Хорошая, скуластая морда, приплюснутый нос с тревожно порхающими ноздрями. Ничего в нем не было от облика классического «жида». Расовый признак, пожалуй, один – рубака и гладиатор.

– Горше всего я плакал на ринге, будучи зеленым юнцом, – признался он мне однажды. – Стою я как-то в своем углу, жду гонга, начала первого раунда. И, как положено, отправился к противнику, пожать ему руку перед боем. В противоположный угол. Такому же пацану, как и я. Подхожу, а тренер его мне шипит: «Пошел вон, жиденок!» О, этого не забыть! Это в гробу буду помнить, никогда не прощу им этого.

Познакомил нас Володя Фромер.

В ту пору я подрабатывал тренером в спортивном клубе Байт-Померанц на Лавровой горке – Маалот Дафна.

Было довольно поздно, в квартирку нашу они вломились буквально без стука и без звонка. Ребе Нафтали принялся сходу меня обнюхивать. Раза три обошел кругом, как бы взвешивая, просвечивая. Чего-то свое вычитывая во мне, и наконец изрек:

– Вполне надежный! И пишешь еще? Читал, читал. Неплохо.

Перебираю его фотографии, а в сердце щемит досада, боль и досада.

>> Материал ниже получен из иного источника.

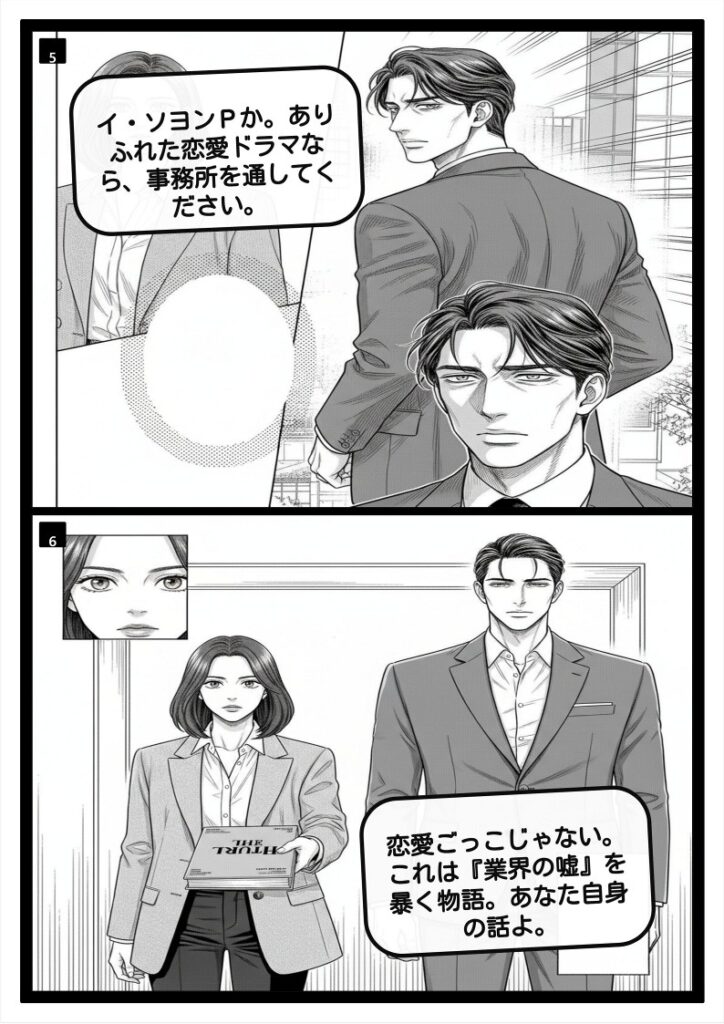 ソヨンもまた、ジウの演技を通じて、自身のメッセージが多くの人々に届いたこと、そして彼の存在が自身の人生にどれほど大きな影響を与えたかを語ります。彼らの間には、言葉では表現できないほどの深い絆が築かれていました。そして、物語のラストシーンでは、二人が新たなプロジェクトについて語り合う姿が描かれます。それは、単なる次の仕事の打ち合わせではなく、これからも共に「真実の物語」を追求していくという、彼らの未来に向けた誓いを象徴するものです。
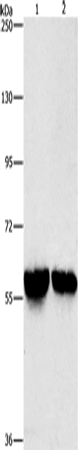 Western Blot analysis of Mouse liver and kidney tissue using ALDH8A1 Polyclonal Antibody at dilution of 1:800
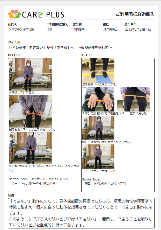 2月のケアプラスリハビリNEWSは、トイレ動作ができるようになった症例です。
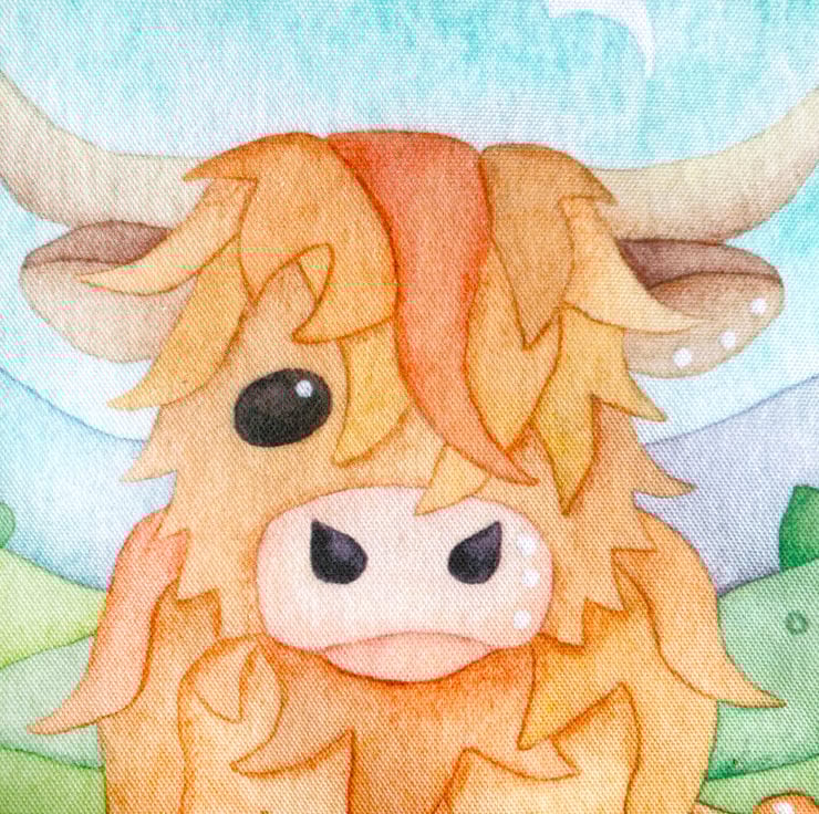 A bright, double-sided shopping bag in top quality thick 100% cotton. This beautiful tote features a shaggy Highland Cow and purple thistle in the Scottish Highlands.

Господи, вроде в Израиле мало прожито, совсем ничего. Самое главное осталось там, в России – самое дорогое в твоей биографии. А здесь? Ну сколько прожито здесь? А скольких успел узнать, полюбить, связать свою жизнь с ними. Но и эти ушли, будто бы в одночасье. И пусто, пусто без них, их так не хватает: Павел Гольдштейн, Давид Дар, ребе Нафтали… Этих мы выбирали себе в друзья в зрелом возрасте, по принципу духовных корней. Общих корней – высшей близости. Тех, кто вместе с тобой с гордым достоинством эту землю топтали, потом своим поливали, кровью, любили ее беззаветно. Четко осознавая всю жестокость нашей жизни в Израиле. Эту суровость – нести на плечах, как бесценную ношу, хрупкое СВОЁ государство. Неравную силу соотношений: по эту сторону мы, а по ту – весь остальной мир.

Давно я пытался найти в его фотографиях тайную одну печать, некий мистический символ.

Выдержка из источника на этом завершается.